Sea lice, myxozoans and invisible threats: the parasite front in global aquaculture – Sea lice, intestinal worms, protozoa, cestodes, myxozoa. The list of parasites affecting fish reared in the world’s seas and rivers is long and constantly updated. The coexistence of intensive aquaculture and pathogens has long since passed the threshold of the exception: today it represents one of the structural challenges for the health and economic sustainability of the industry.
The Amazon fish parasite, recently identified by an international scientific team, fits into this complex scenario. It is a myxozoan, a microscopic but potentially devastating parasite, already responsible for major losses in other areas of the planet. The novelty? Its surprising spread in Amazon basins and the discovery of novel genetic control mechanisms.
Myxozoa and emerging infections: a global risk
To date, Atlantic salmon remains one of the emblems of parasitic infections with direct economic impacts. In Norway and Scotland, sea lice (Lepeophtheirus salmonis) cost the industry hundreds of millions of Euros per year. Similarly, in the United States, some trout populations have seen collapses of up to 90% due to infections with Tetracapsuloides bryosalmonae, another member of the myxozoan family.
In the Amazon basin, where fish biodiversity is among the highest in the world, scientists have found that more than 50% of the fish sampled carry these parasites.

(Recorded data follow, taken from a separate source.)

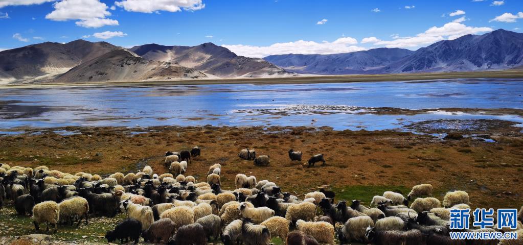 羊群經(jīng)過西藏定結(jié)縣一處湖邊的草地(5月13日攝,手機照片)。新華社記者 沈虹冰 攝
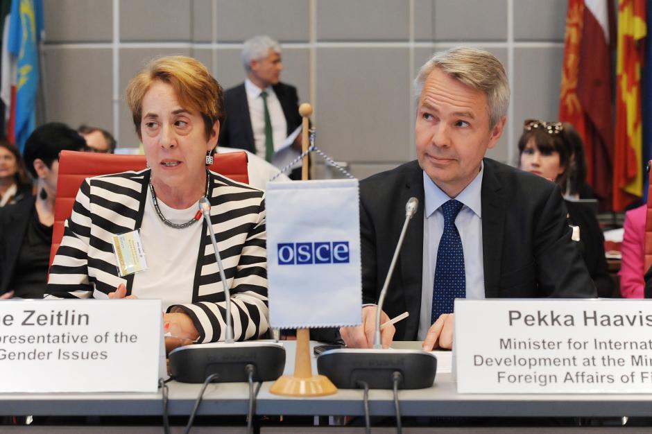 Special Representative of the OSCE Chairperson-in-Office on Gender Issues June Zeitlin, and Pekka Haavisto, the Finnish Minister for International Development, address participants at the opening of the Gender Equality Review Conference, Vienna, 10 July 2014.
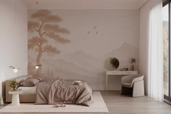 Fotomurales panorama de colinas con un gran árbol en tonos moca Nr. w04033v1
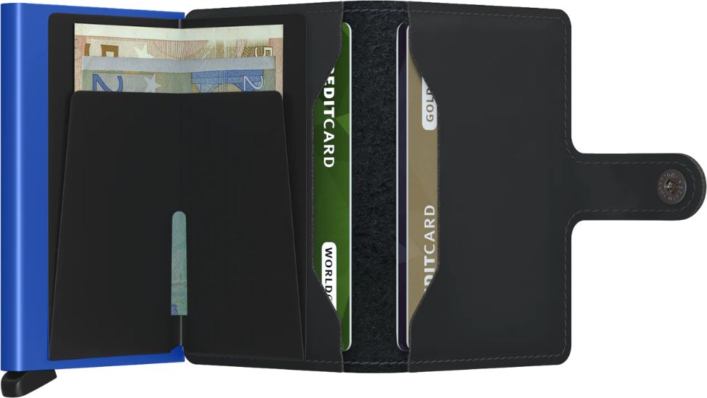 The perfect all-rounder; small in size and surprisingly large in storage capacity, the Miniwallet combines the best of both worlds. The exterior holds banknotes, receipt and cards, while the aluminium Cardprotector allows you to slide out cards with one simple motion and protects them from bending, breaking and unwanted wireless communication.
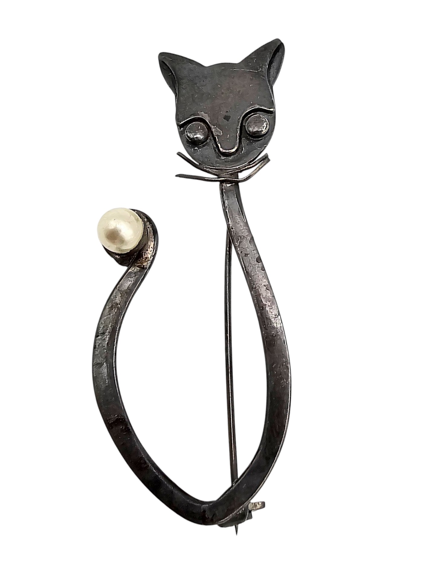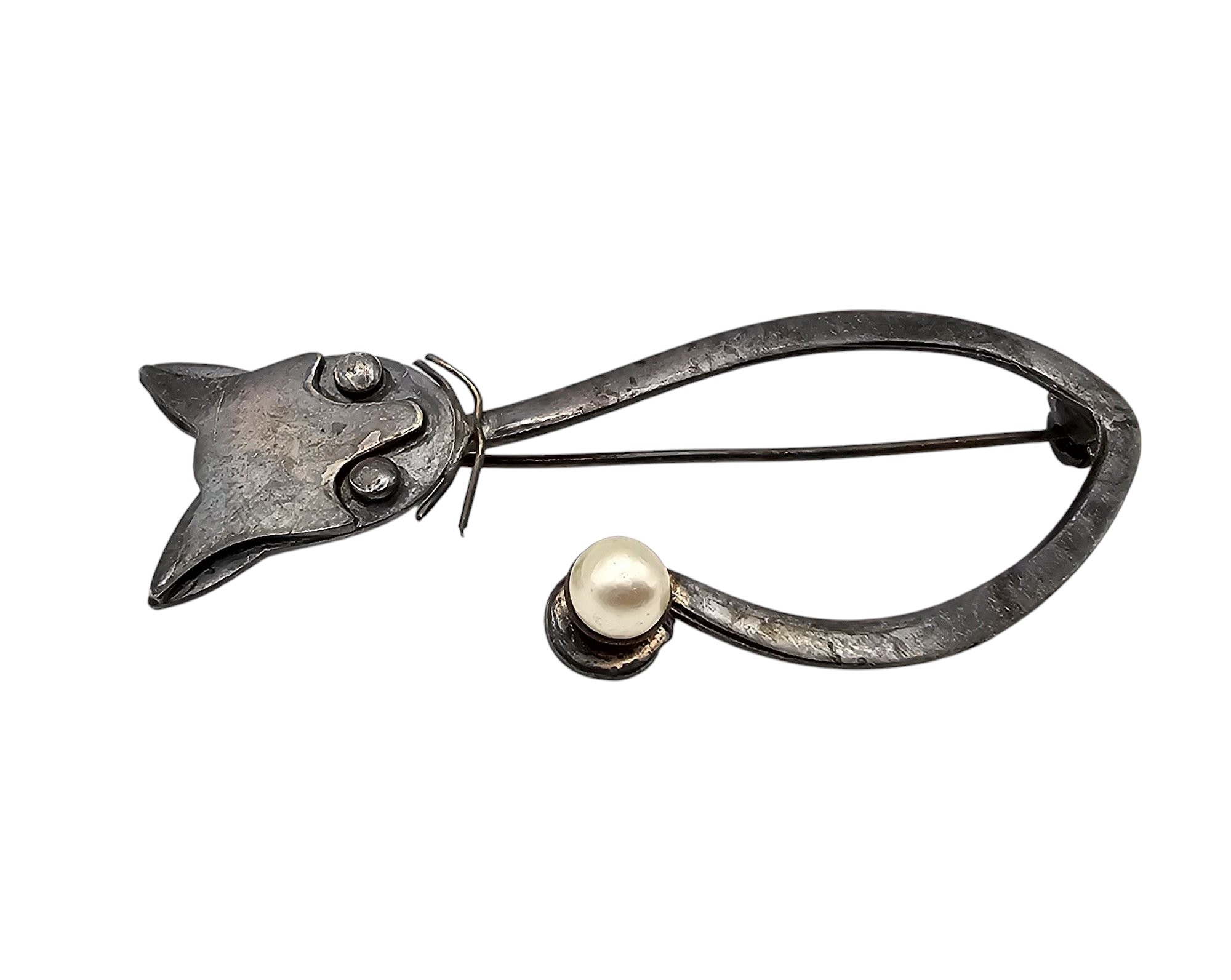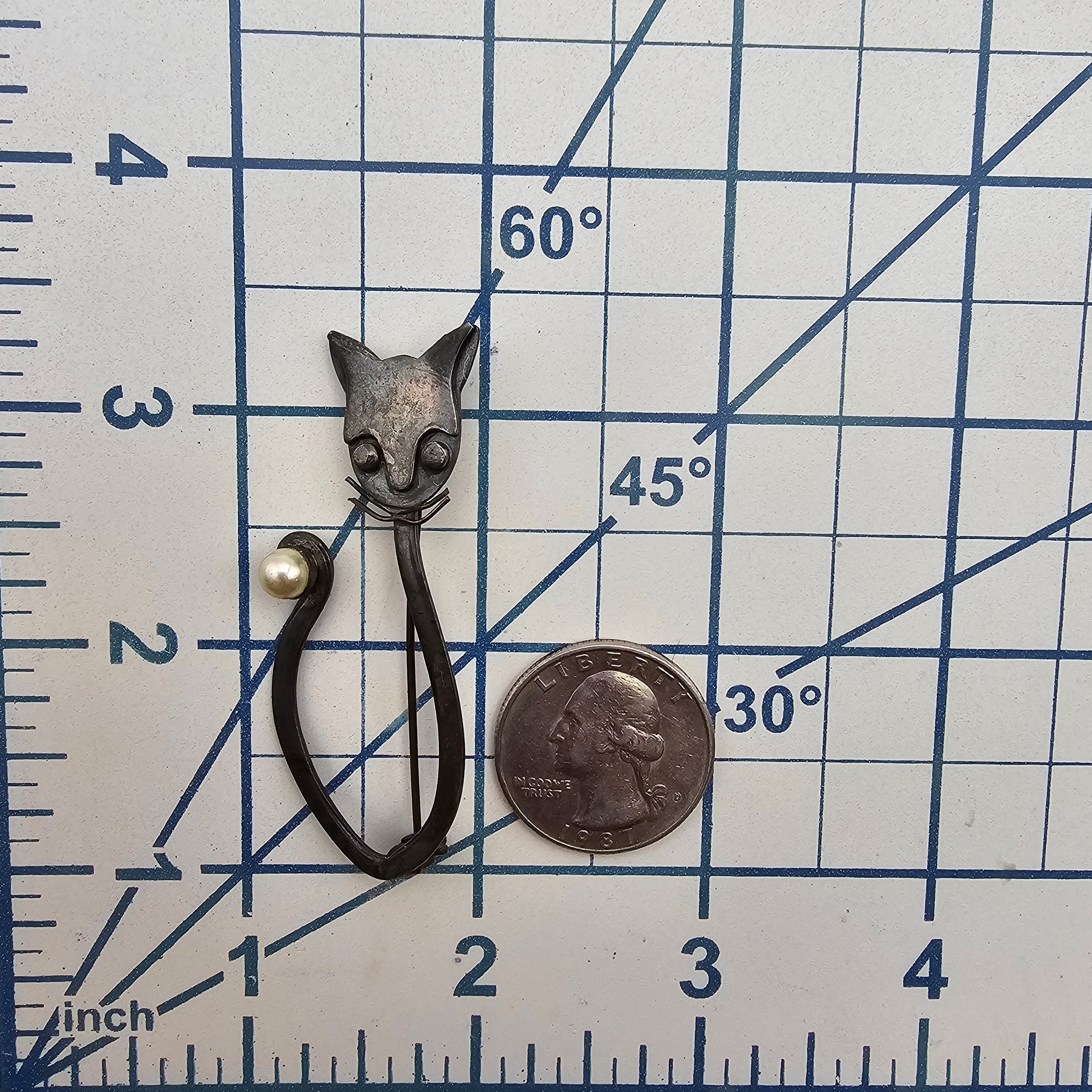 Pearl Sterling Silver Cat Brooch 6 G
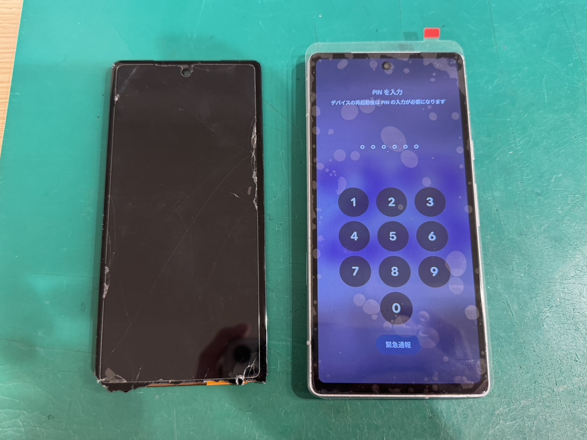 Pixel7aでガラス割れに加え、タッチ不良や表示に黒い線・チラつきが出る状態でした。
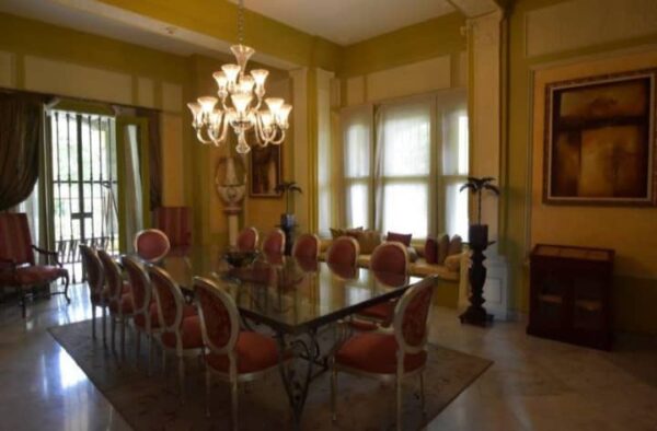 Old chronicles and descriptions mention interiors with marble or fine-wood floors, ceilings with detailed moldings, and large rooms designed for receptions. The De Armas family and later tenants maintained a stately taste that combined the functional with the decorative: hanging lamps, boiseries, and furnishings that imported the gesture of the European salon without abandoning tropical freshness. Today, although some of the original furnishings no longer exist, the interior design remains a historical canvas: its spaces preserve the proportions and pathways that speak of the social life of another era.
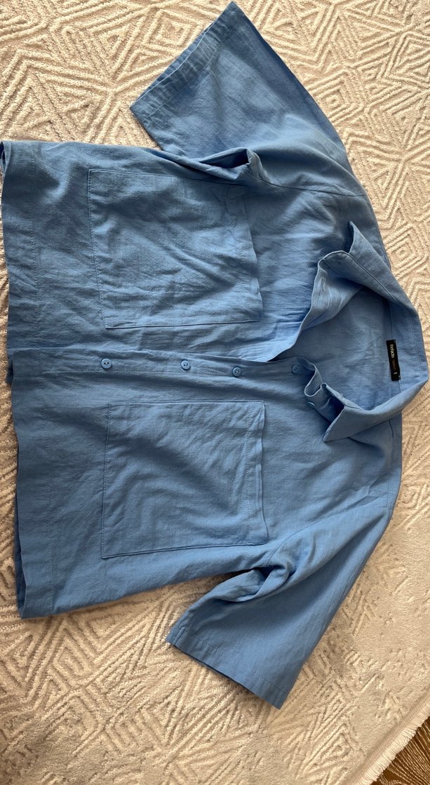 Mavi keten gömlek, yakalı, kısa kollu ve düğmeli. Bol kesim ve normal uzunlukta, gündelik kullanıma uygun. İki ön cep detayına sahip.
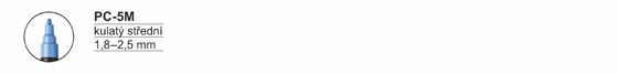 • odolný kulatý střední hrot, šíře stopy 1,8 - 2,5 mm
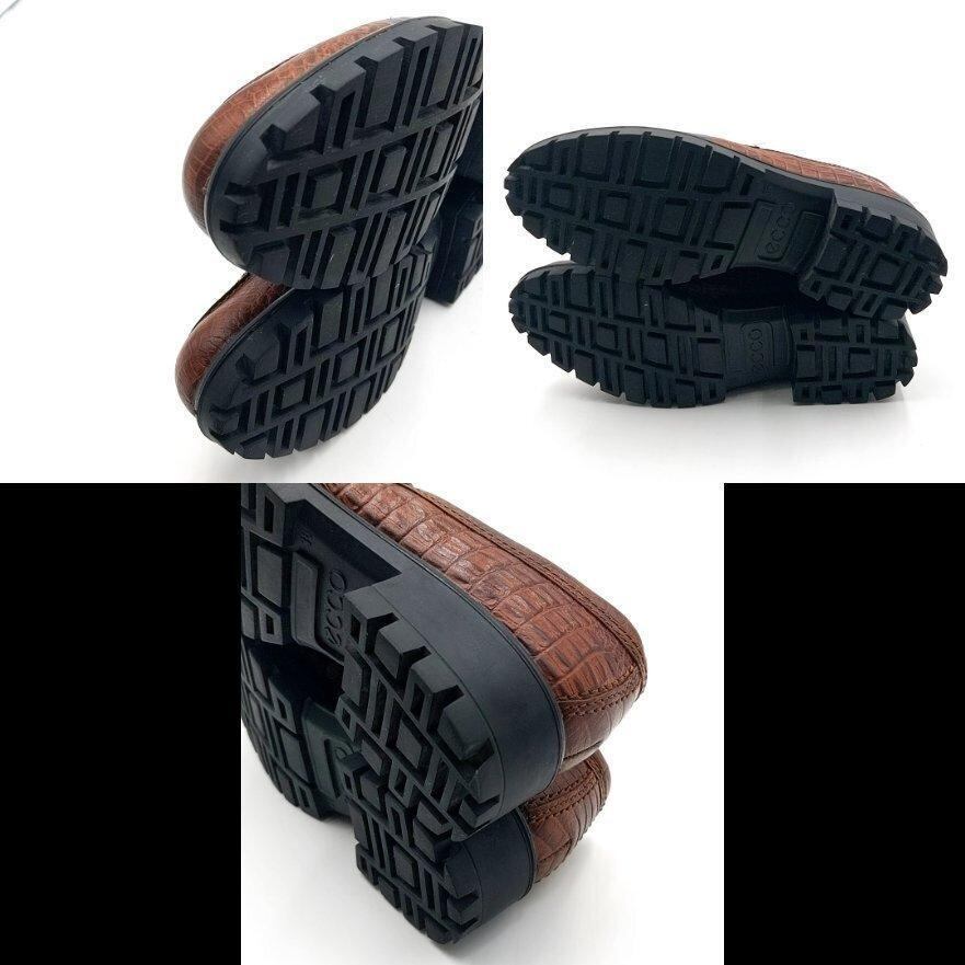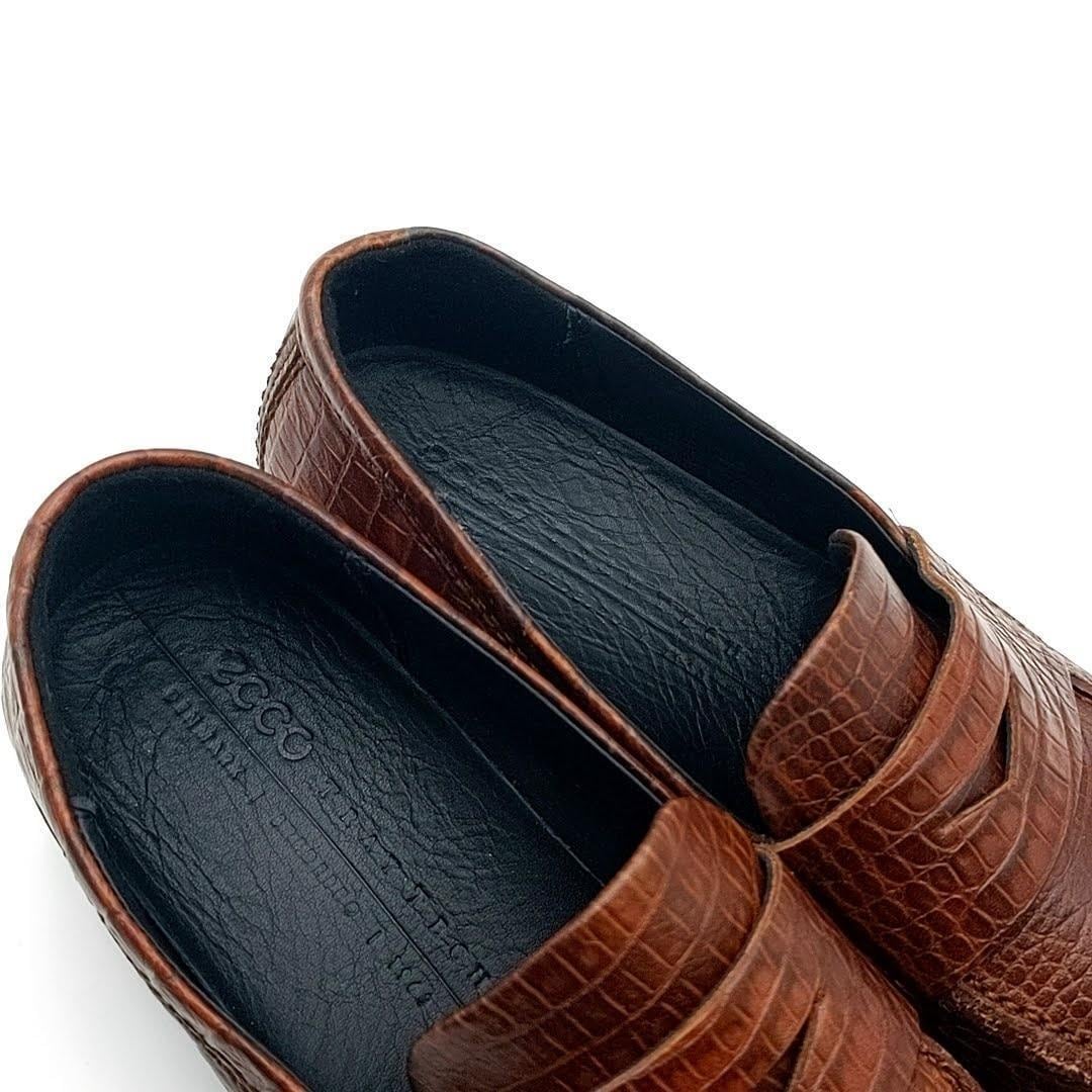 ・送料無料 美品 エコー ecco ローファー コインローファー ペニーローファー 靴 シューズ 49001311053 23308E1367P クロコ型押し レザー 本革 36 23cm相当 茶 ブラウン系 レディース

This is not just an environmental problem: Brazil’s booming aquaculture now risks being hampered by an invisible but tenacious enemy.
Joint work by King’s College London, UNIFESP and other European and South American scientific institutions has revealed that these Amazonian myxozoans use sophisticated epigenetic mechanisms to adapt to their host and environment. An evolutionary behaviour that complicates diagnosis and makes prevention a race against time.
Epigenetics opens new avenues for prevention
The researchers set up a mobile laboratory on a boat in the heart of the Amazon basin, near the confluence of the Tapajós and Amazon rivers. The aim: to observe parasites in situ, throughout their life cycle and in the presence of an extreme variety of host species.
The most promising insight concerns the activation and deactivation of genes in myxozoa depending on environmental conditions. This epigenetic mechanism, which has never before been so clearly documented, could become the key to the development of genetic vaccines or targeted treatments.
For those responsible for animal health and biosecurity in aquaculture, this is a real opportunity to anticipate infections. The future adoption of protocols based on parasite gene expression reading could complement existing surveillance systems and improve animal welfare.
Strategic implications for the European supply chain
If the Amazon is a natural laboratory for studying parasites, the implications are far from remote for the European fishing industry. Intensified trade flows, climate change and increasing pressure on intensive facilities make farming systems vulnerable to the introduction of new pathogens.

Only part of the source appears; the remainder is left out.